TracInCP provides a new public method self_influence which computes the self influence scores among the examples in the given data. influence can no longer compute self_influence scores and the argument inputs cannot be None (https://github.com/pytorch/captum/pull/994, https://github.com/pytorch/captum/pull/1069, https://github.com/pytorch/captum/pull/1087, https://github.com/pytorch/captum/pull/1072)
Previous constructor argument influence_src_dataset in TracInCP is renamed to train_dataset (https://github.com/pytorch/captum/pull/994)
Add GPU support to TracInCPFast and TracInCPFastRandProj (https://github.com/pytorch/captum/pull/969)
TracInCP and TracInCPFastRandProj provides a new public method compute_intermediate_quantities which computes “embedding” vectors for examples in a the given data (https://github.com/pytorch/captum/pull/1068)
TracInCP classes supports a new optional argument test_loss_fn for use cases where different losses are used for training and testing examples (https://github.com/pytorch/captum/pull/1073)
Revised the interface of the method influence.
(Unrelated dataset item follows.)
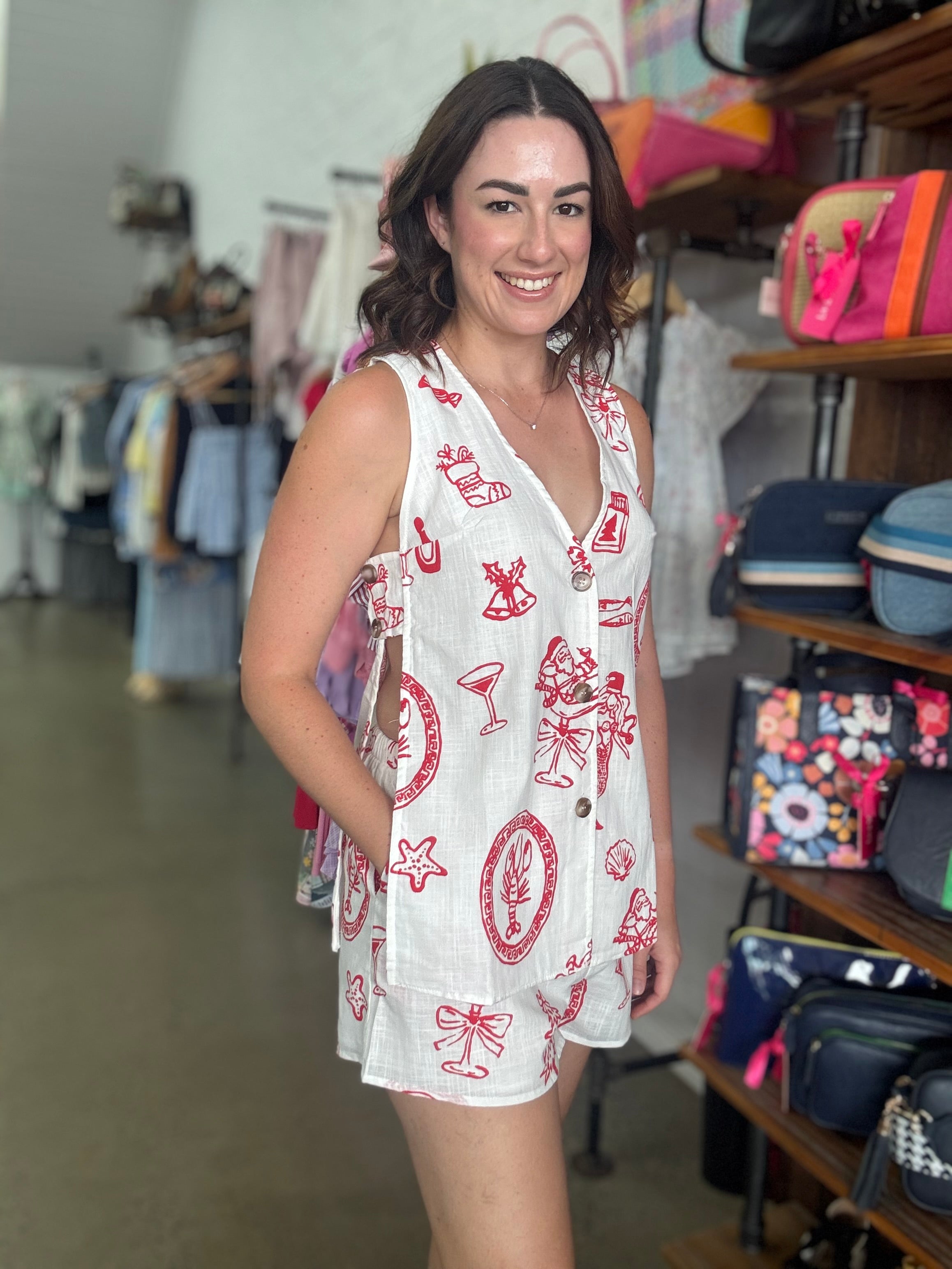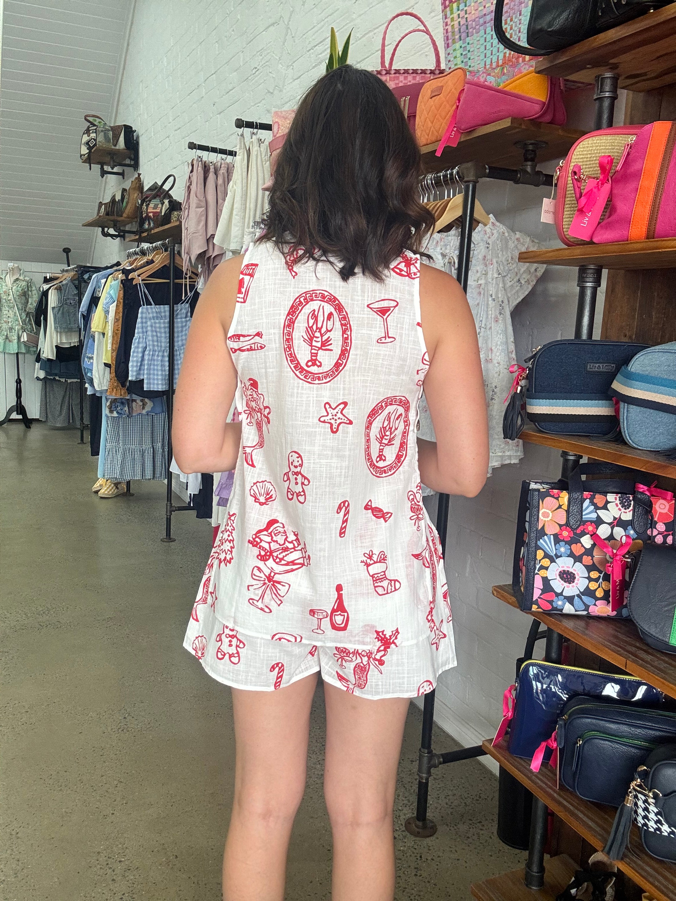 This festive set is a fun Singlet & Short set finished with in a christmas print. The top is a singlet style with three buttons at the front and two buttons on either side. The shorts feature an elastic tie up waist with pockets. 100% Cotton.
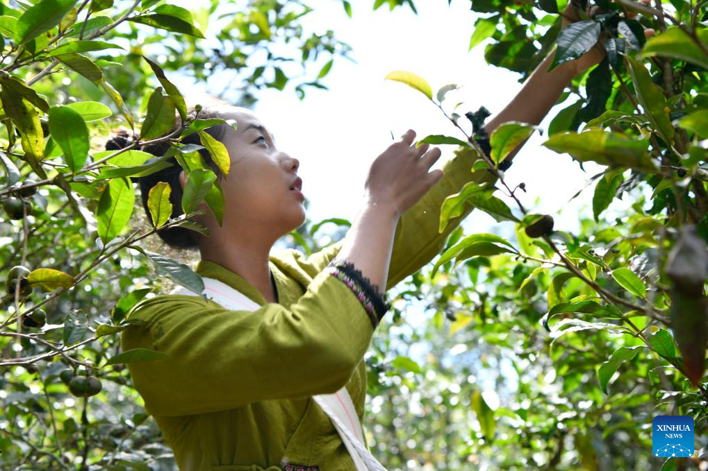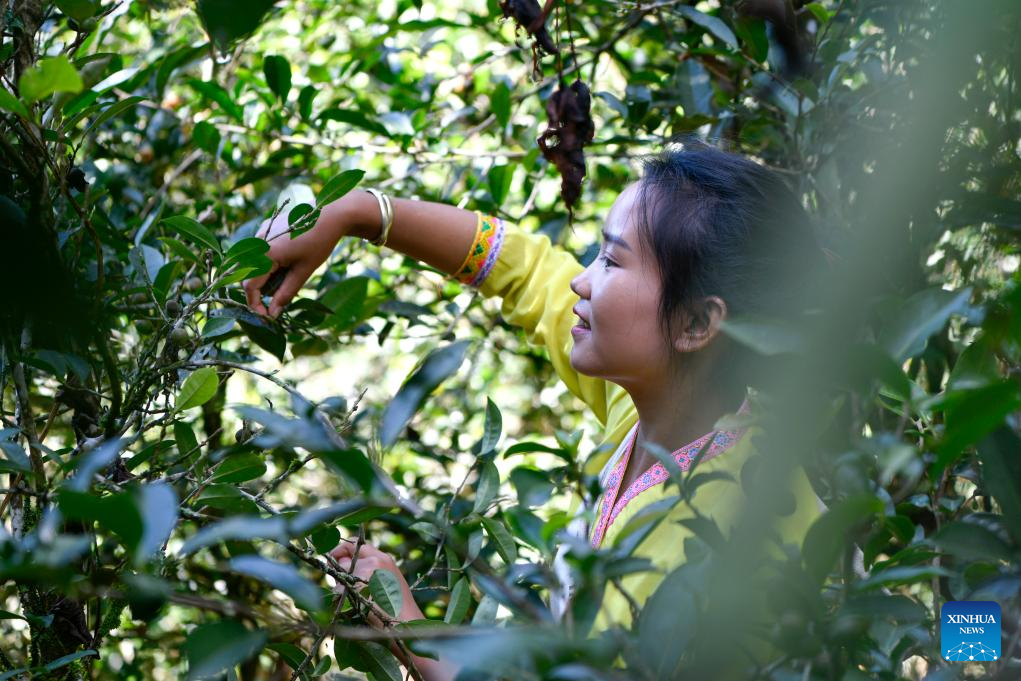 A tea farmer picks tea leaves in an old tea forest of the Jingmai Mountain in Pu'er, southwest China's Yunnan Province, Sept. 19, 2023. Local tea farmers here are busy picking tea leaves in harvest season to meet the market demand. (Xinhua/Tang Rufeng)

Removed the arguments unpack_inputs and target. Now, the inputs argument must be a tuple where the last element is the label (https://github.com/pytorch/captum/pull/1072)

Notable Changes

LRP now will throw error when it detects the model ruses any modules (https://github.com/pytorch/captum/pull/911)
Fixed the bug that the concept order changes in TCAV’s output (https://github.com/pytorch/captum/pull/915, https://github.com/pytorch/captum/issues/909)
Fixed the data type issue of using Captum’s built-in SGD linear models in Lime (https://github.com/pytorch/captum/pull/938, https://github.com/pytorch/captum/issues/910)
All submodules are now accessible under the top-level captum module, so users can import captum and access everything underneath it, e.g., captum.attr (https://github.com/pytorch/captum/pull/912, https://github.com/pytorch/captum/pull/992, https://github.com/pytorch/captum/issues/680)
Added a new attribution visualization utility for time series data (https://github.com/pytorch/captum/pull/980)
Improved version detection to fix some compatibility issues caused by dependencies’ versions (https://github.com/pytorch/captum/pull/940, https://github.com/pytorch/captum/pull/999, )
Fixed an index bug in the tutorial Interpret regression models using Boston House Prices Dataset (https://github.com/pytorch/captum/pull/1014, https://github.com/pytorch/captum/issues/1012)
Refactored FeatureAblation and FeaturePermutation to verify the output type of forward_func and its shape when perturbation_per_eval > 1 (https://github.com/pytorch/captum/pull/1047, https://github.com/pytorch/captum/pull/1049, https://github.com/pytorch/captum/pull/1091)
Changed Housing Regression tutorial with California housing dataset (https://github.com/pytorch/captum/pull/1041)
Improved the error message of invalid input types when the required data type is tensor or tuple[tensor] (https://github.com/pytorch/captum/pull/1083)
Switched to tensor forward_hook from module backward_hook for many attribution algorithms that need tensor gradients, like DeepLift and LayerLRP. So those modules can now support models with in-place modules (https://github.com/pytorch/captum/pull/979, https://github.com/pytorch/captum/issues/914)
Added an optional mask argument to FGSM and PGD adversarial attacks under captum.robust to specify which elements are perturbed (https://github.com/pytorch/captum/pull/1043)

v0.5.0

2 years ago

The Captum v0.5.0 release introduces a new function pillar, Influential Examples, with a few code improvements and bug fixes.

Influential Examples

Influential Examples implements the method TracInCP. It calculates the influence score of a given training example on a given test example, which approximately answers the question “if the given training example were removed from the training data, how much would the loss on the model change?”. TracInCP can be used for:

identifying proponents/opponents, which are the training examples with the most positive/negative influence on a given test example
identifying mis-labelled data

Captum currently offers the following specific variant implementings of TracInCP:

TracInCP - Computes influence scores using gradients at all specified layers. Can be used for identifying proponents/opponents, and identifying mis-labelled data. Both computations take time linear in training data size.
TracInCPFast - Like TracInCP, but computes influence scores using only gradients in the last fully-connected layer, and is expedited using a computational trick.
TracInCPFastRandProj - Version of TracInCPFast which is specialized for computing proponents/opponents. In particular, pre-processing enables computation of proponents / opponents in constant time. The tradeoff is the linear time and memory required for pre-processing. Random projections can be used to reduce memory usage. This class should not be used for identifying mis-labelled data.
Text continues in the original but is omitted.